We tested our first hypothesis with two measures of perceived deliberative quality: the extent to which participants agreed or disagreed that (1) they could express their opinions, and (2) deliberation was respectful. Figures 1 and 2 present the distribution of participants’ responses in each mini-public. In both cases, we observed a similar pattern. First, the majority of participants in each mini-public agreed that they could freely express their opinions (between 93% and 98%) and that discussions were respectful (between 91% and 94%). Second, for both measures, the intensity of agreement was stronger in the constitutional-status mini-public than in the social-policy mini-public. This is contrary to Hypothesis 1: the perceived quality of deliberation was actually higher in the mini-public that addressed an ethnically contentious issue. These differences are statistically significant, as determined by Mann-Witney U tests for a perceived ability to express opinionsFootnote 5 and a perceived sense of respect.Footnote 6

Figure 1 Extent to Which Participants Agreed or Disagreed That They Could Express Their Opinions (%)

Figure 2 Extent to Which Participants Agreed or Disagreed That Deliberation Was Respectful (%)

Concerning Hypothesis 3a, we considered variation in perceived deliberative quality between the two mini-publics according to ethno-national ideology. Here, our findings also were unexpected. Among both nationalist and unionist participants, there were no significant differences in how they evaluated how free they were able to express their opinionsFootnote 7 or in the perceived level of respectFootnote 8 between each type of mini-public.
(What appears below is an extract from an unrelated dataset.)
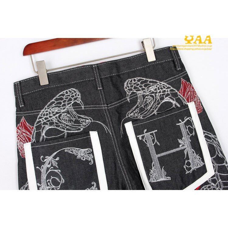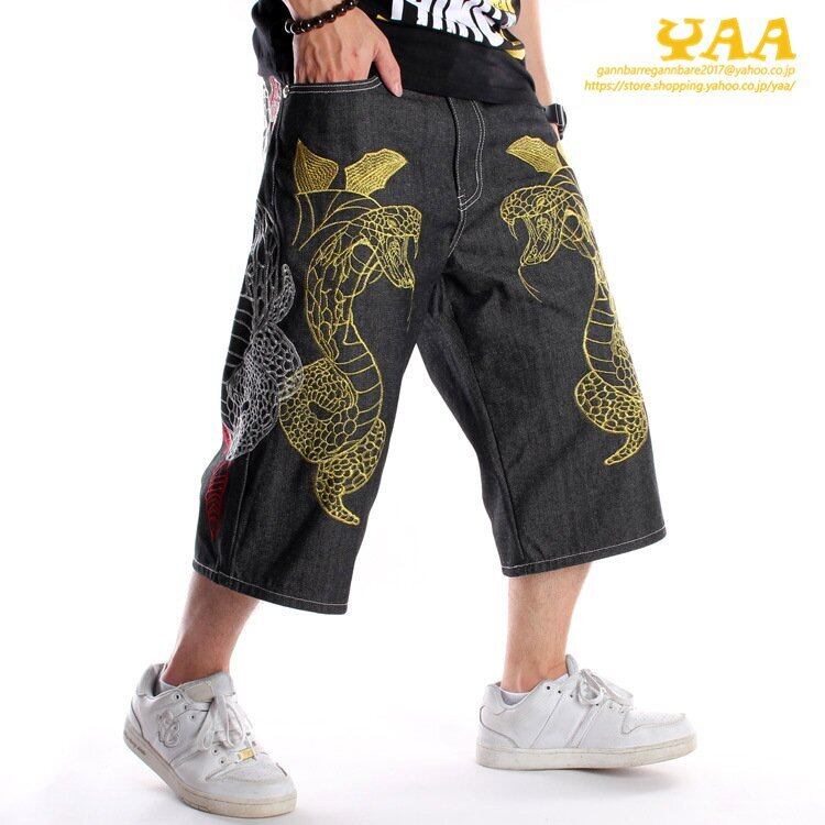 ハーフパンツ メンズ デニムパンツ ワイドパンツ 七分丈 刺繍 ストリート 大きいサイズ 5120
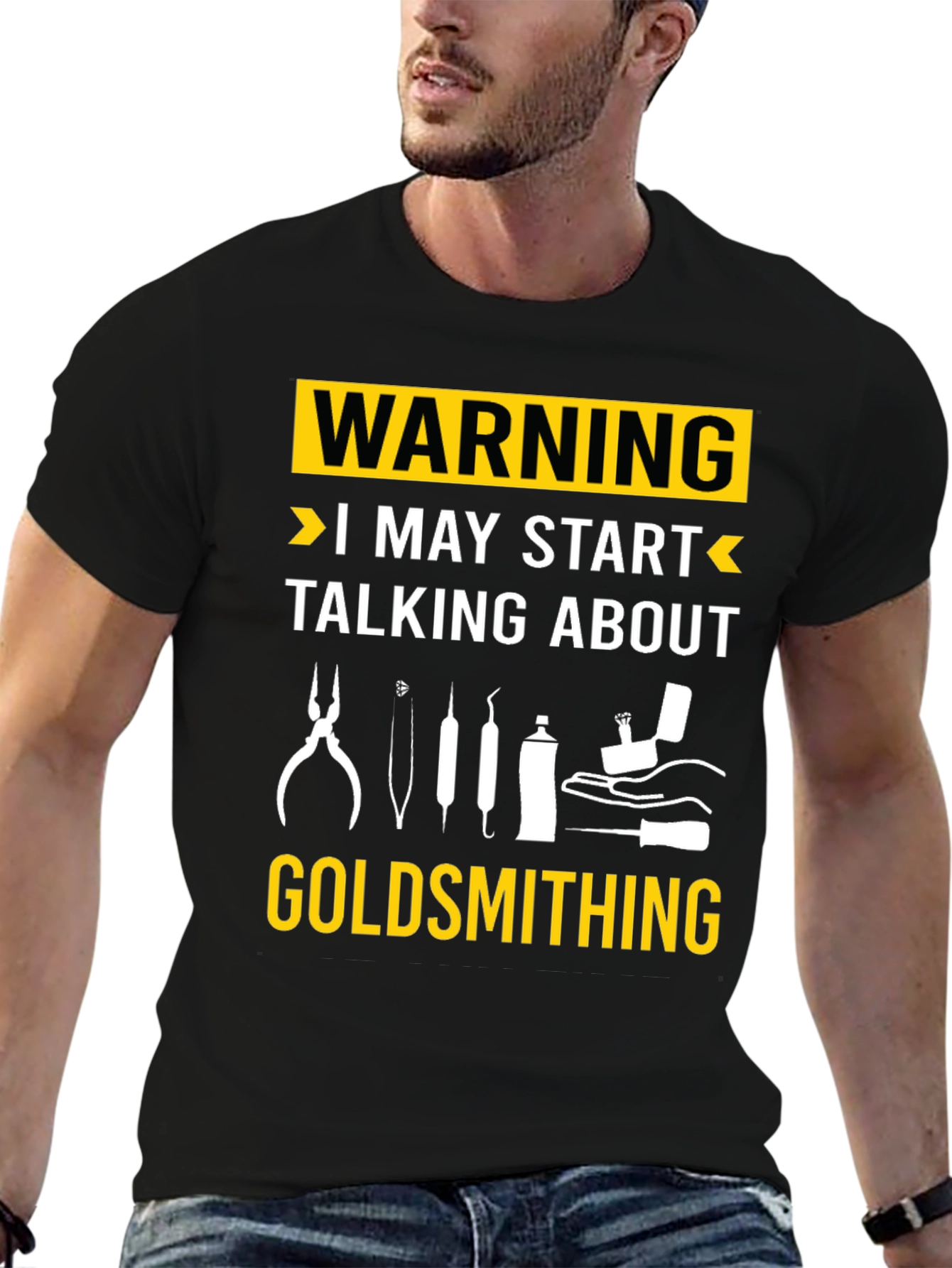 Muestra tu pasión por la orfebrería con esta camiseta negra de diseño único. Con un llamativo texto en amarillo y blanco que advierte: "¡Cuidado! Podría empezar a hablar de orfebrería", esta prenda es perfecta para orfebres y entusiastas de la joyería. El diseño incluye ilustraciones detalladas de herramientas de orfebrería clásicas. Fabricada con materiales suaves y cómodos, esta camiseta es ideal para uso diario, ya sea en el taller o en salidas casuales. ¡Una declaración divertida y original para cualquier amante de la creación de joyas!

However, for each of these two indicators, perceived deliberative quality was significantly higher in the mini-public on the constitutional issue (compared to the mini-public on social policy) among participants identifying as neither nationalist nor unionist (i.e., those for whom the ethno-national issue lacks the salience to define their identity).Footnote 9

OPINION CHANGE

To test our remaining Hypotheses 2 and 3b, we considered whether participants reported any change in their views as a result of their discussions with other mini-public members. Aligned with our expectations, figure 3 shows that a majority of participants (63%) in the social-policy mini-public agreed that their views had changed as a result of the deliberative process. In the mini-public on constitutional status, a majority (55%) disagreed—with an even split between those tending to disagree and those completely disagreeing that they had changed their mind as a result of deliberation. A Mann-Witney U test shows that the differences between the two mini-publics in self-reported opinion change are statistically significant, providing evidence in line with Hypothesis 2.Footnote 10

Figure 3 Extent to Which Participants Agreed or Disagreed That They Changed Their Views as a Result of Deliberation (%)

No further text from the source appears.